### PROMPT
Write out the lines below once more, exactly as they appear. Do not include pictures.

### DATA TO USE
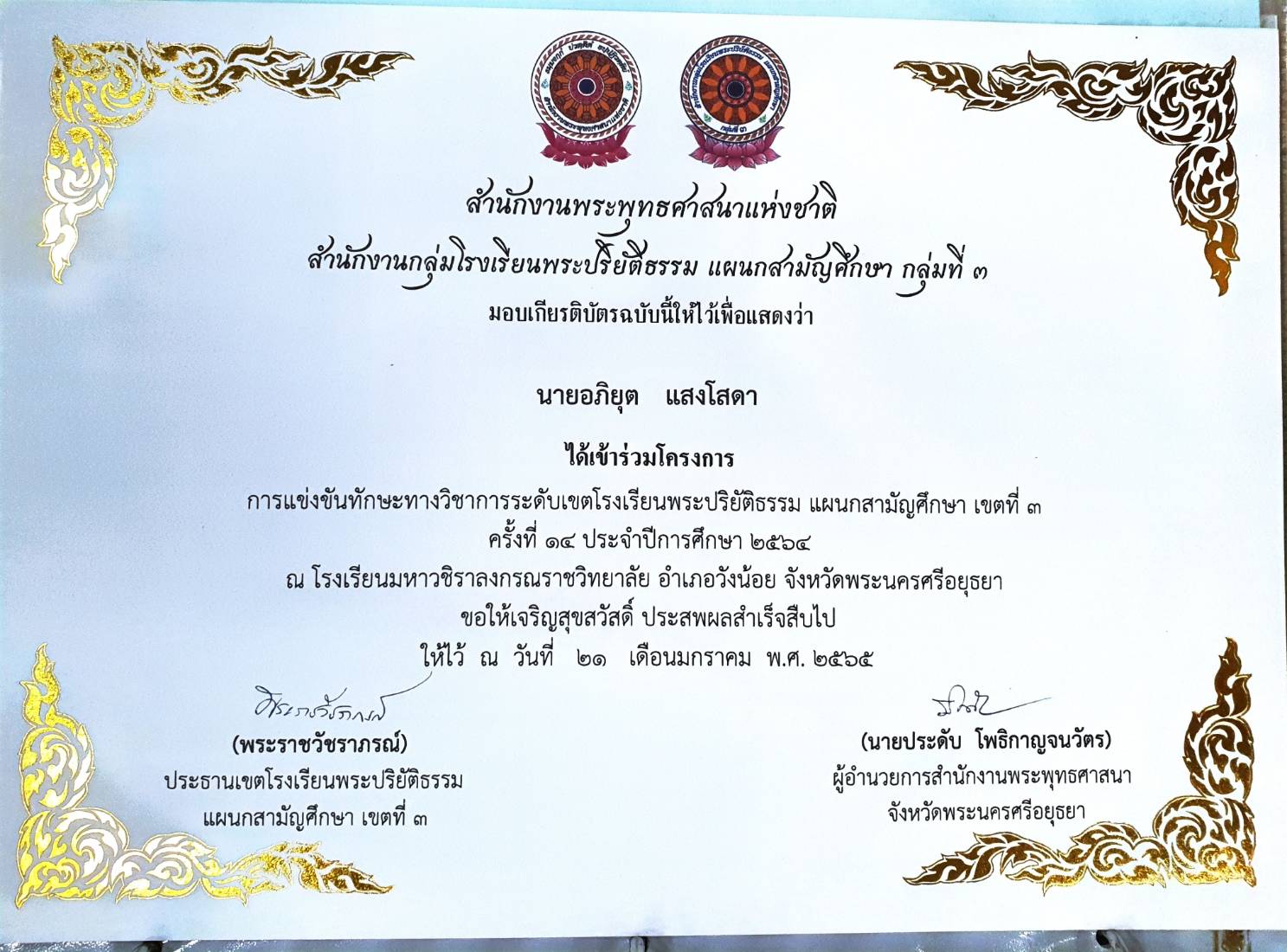 สำนักงานพระพุทธศาสนาแห่งชาติ สำนักงานกลุ่มโรงเรียนพระปริยัติธรรม แผนกสามัญศึกษา กลุ่มที่ ๓ มอบเกียรบัตรนี้ให้ไว้เพื่อแสดงว่า
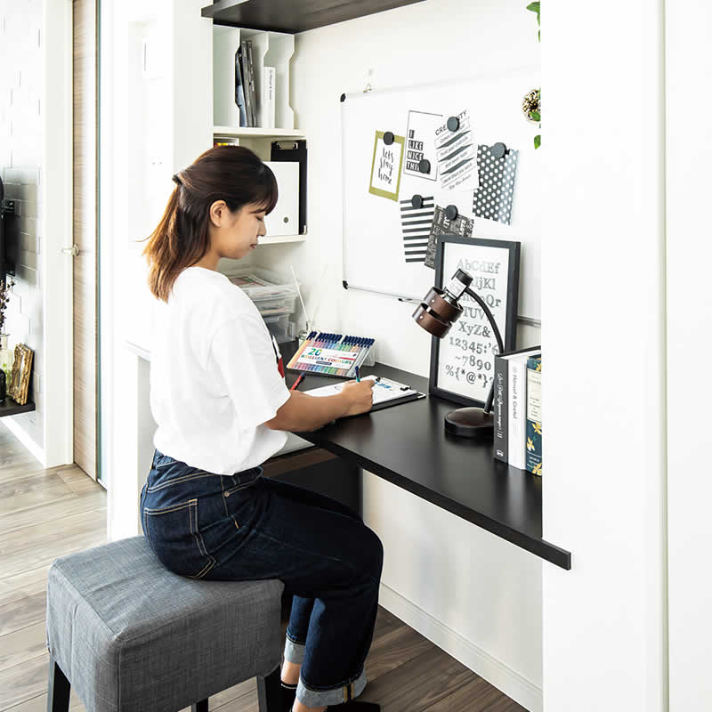 お便りを貼る、お子様の宿題をする、夜はママの作業スペースなど暮らしに合わせてアレンジできるスペースです。
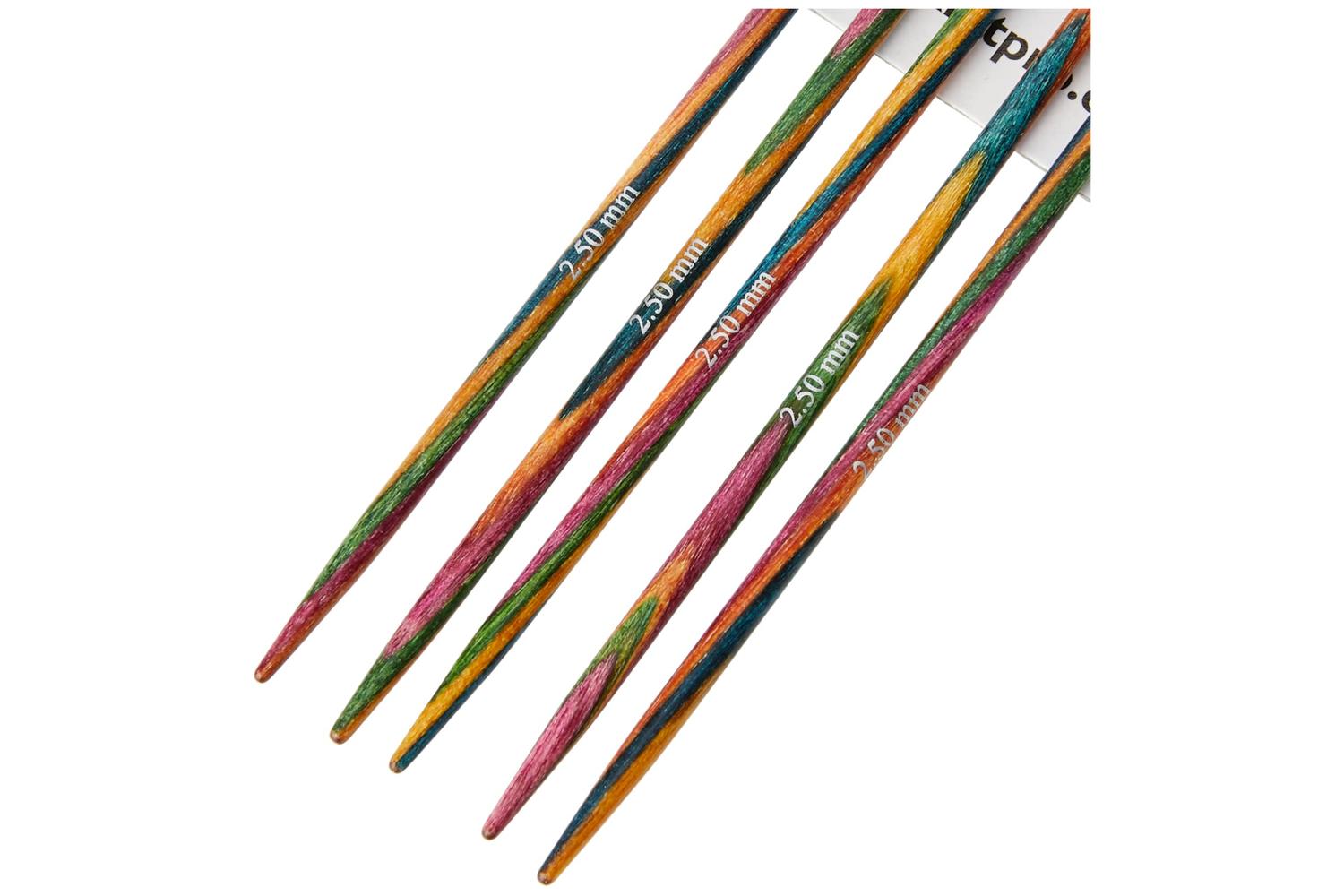 Description: These popular multi-coloured needles are made from compact laminated Birchwood and provide a strong and durable finish. The smooth and sharp tapered tips are ideal for creating tubes of knitting such as socks, gloves, hats and scarves, etc. Set of 5.
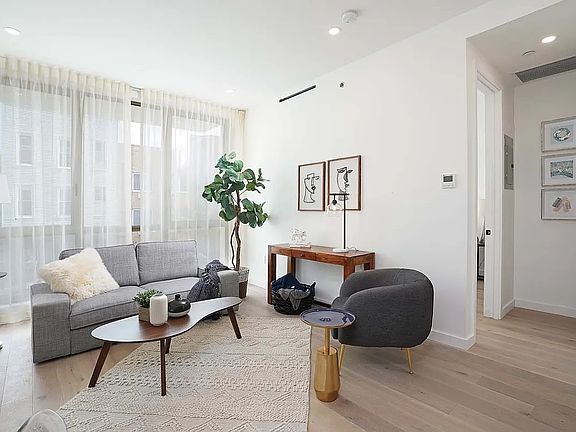 This is a luxury 1br apartment in a boutique condo building with a fully furnished rooftop terrace. The immediate area is bustling with a cornucopia of diverse restaurants and grocery stores. The L and M trains are half a block away, getting you to Union Square or the Lower East Side in 20 minutes. Ten minutes on the L and you're in the heart of Williamsburg. The kitchen has exterior ventilation, a custom-designed marble waterfall counter with a deep sink, and a built-in breakfast bar. The refrigerator, dishwasher, and oven are all high-end fully integrated appliances from Blomberg. There are floor to ceiling windows throughout the apartment. The in-unit washer and dryer are LG. The bedroom easily fits a King size bed set. The central air conditioning is whisper quiet. In addition to the abundant closet space, this apartment comes with a private storage room. Showing by appointment only.
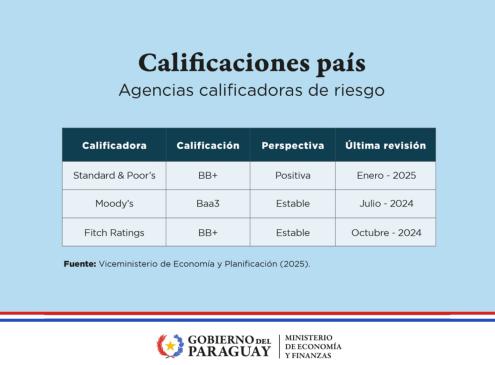En julio del año pasado, Paraguay había alcanzado el grado de inversión, reconocido por la calificadora de riesgo Moody’s. «Nuestro anhelo es que lo más rápido posible las tres calificadoras de riesgo, S&P, Moddy’s y Fitch, puedan reconocer y validar que el Paraguay es un país predecible, serio, responsable, que implementa políticas económicas y que fortalece sus instituciones», dijo hoy el mandatario.
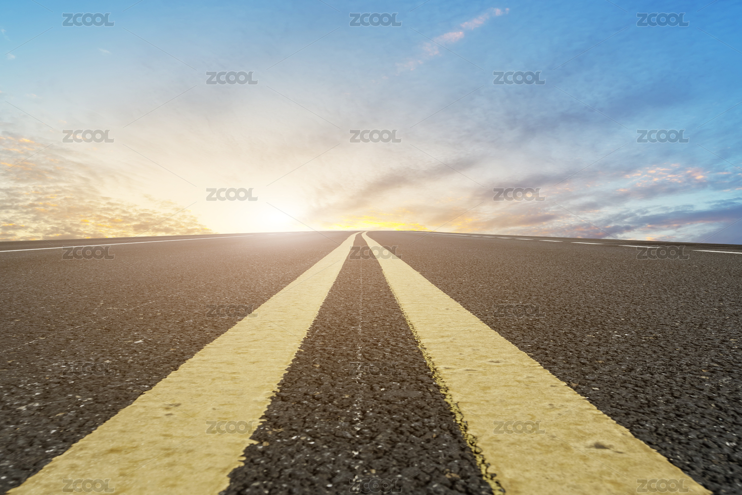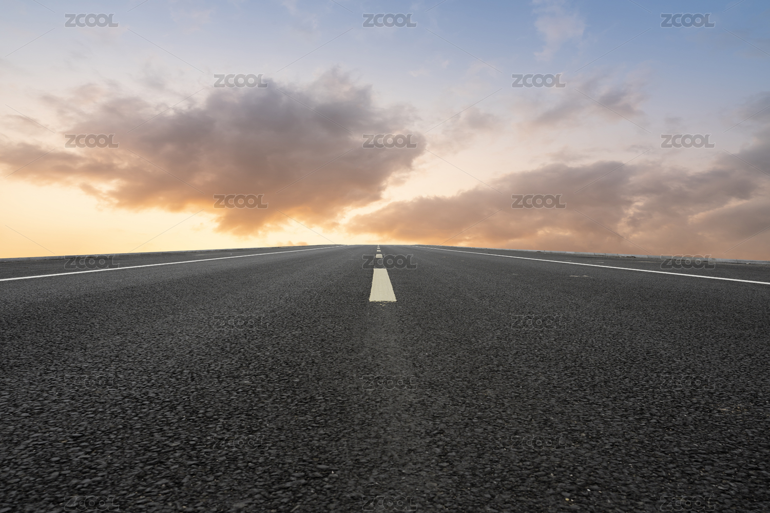 道路地面天际线和天空云彩
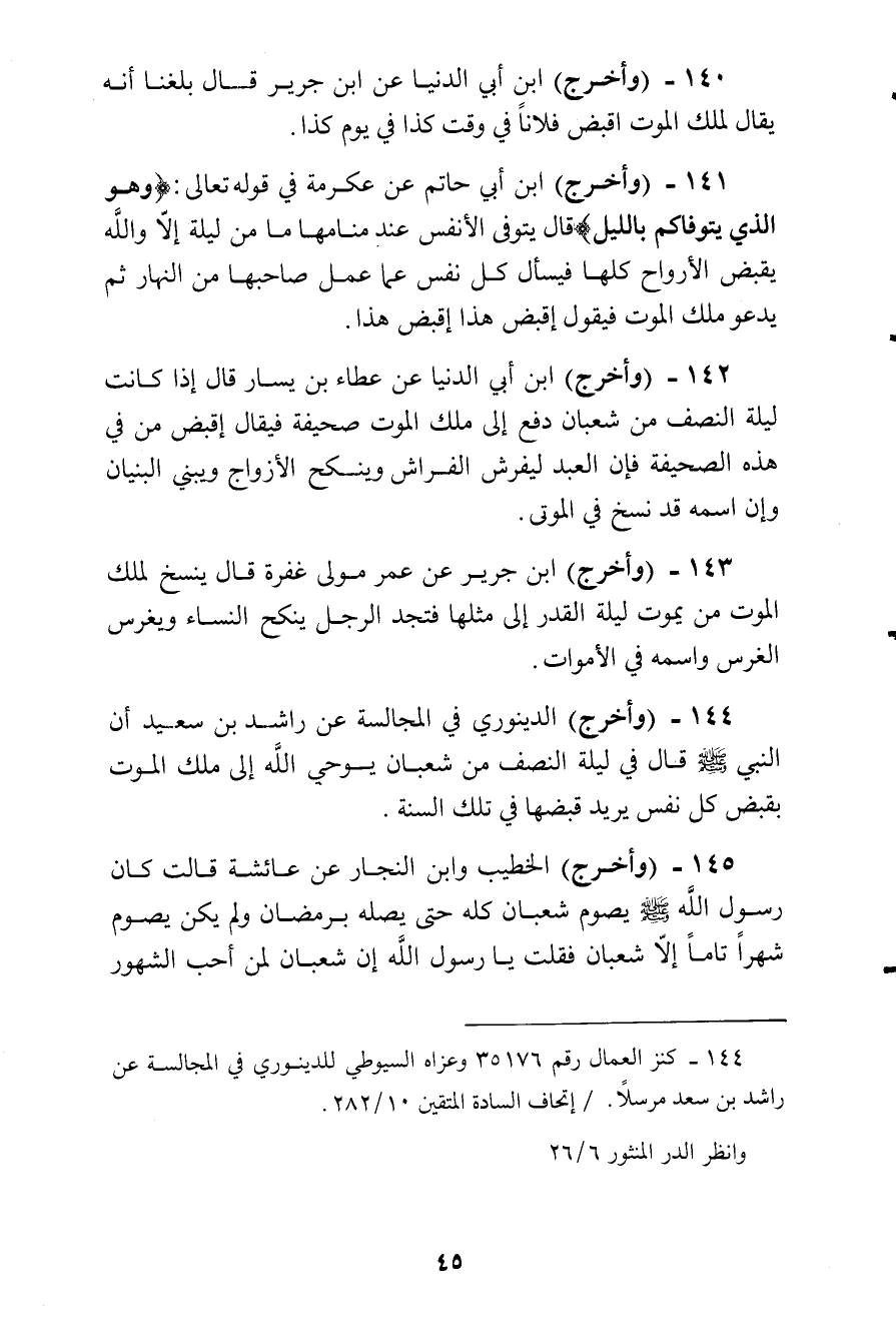 وأخرج الدينورى في المجالسة عن راشد بن سعيد: أن النبي صلى الله عليه وسلم قال:) في ليلة النصف من شعبان يوحى الله إلى ملك الموت بقبض كل نفس يريد قبضها في تلك السنة (.

### SOLVED EXERCISE
 สำนักงานพระพุทธศาสนาแห่งชาติ สำนักงานกลุ่มโรงเรียนพระปริยัติธรรม แผนกสามัญศึกษา กลุ่มที่ ๓ มอบเกียรบัตรนี้ให้ไว้เพื่อแสดงว่า
 お便りを貼る、お子様の宿題をする、夜はママの作業スペースなど暮らしに合わせてアレンジできるスペースです。
 Description: These popular multi-coloured needles are made from compact laminated Birchwood and provide a strong and durable finish. The smooth and sharp tapered tips are ideal for creating tubes of knitting such as socks, gloves, hats and scarves, etc. Set of 5.
 This is a luxury 1br apartment in a boutique condo building with a fully furnished rooftop terrace. The immediate area is bustling with a cornucopia of diverse restaurants and grocery stores. The L and M trains are half a block away, getting you to Union Square or the Lower East Side in 20 minutes. Ten minutes on the L and you're in the heart of Williamsburg. The kitchen has exterior ventilation, a custom-designed marble waterfall counter with a deep sink, and a built-in breakfast bar. The refrigerator, dishwasher, and oven are all high-end fully integrated appliances from Blomberg. There are floor to ceiling windows throughout the apartment. The in-unit washer and dryer are LG. The bedroom easily fits a King size bed set. The central air conditioning is whisper quiet. In addition to the abundant closet space, this apartment comes with a private storage room. Showing by appointment only.
En julio del año pasado, Paraguay había alcanzado el grado de inversión, reconocido por la calificadora de riesgo Moody’s. «Nuestro anhelo es que lo más rápido posible las tres calificadoras de riesgo, S&P, Moddy’s y Fitch, puedan reconocer y validar que el Paraguay es un país predecible, serio, responsable, que implementa políticas económicas y que fortalece sus instituciones», dijo hoy el mandatario.
 道路地面天际线和天空云彩
 وأخرج الدينورى في المجالسة عن راشد بن سعيد: أن النبي صلى الله عليه وسلم قال:) في ليلة النصف من شعبان يوحى الله إلى ملك الموت بقبض كل نفس يريد قبضها في تلك السنة (.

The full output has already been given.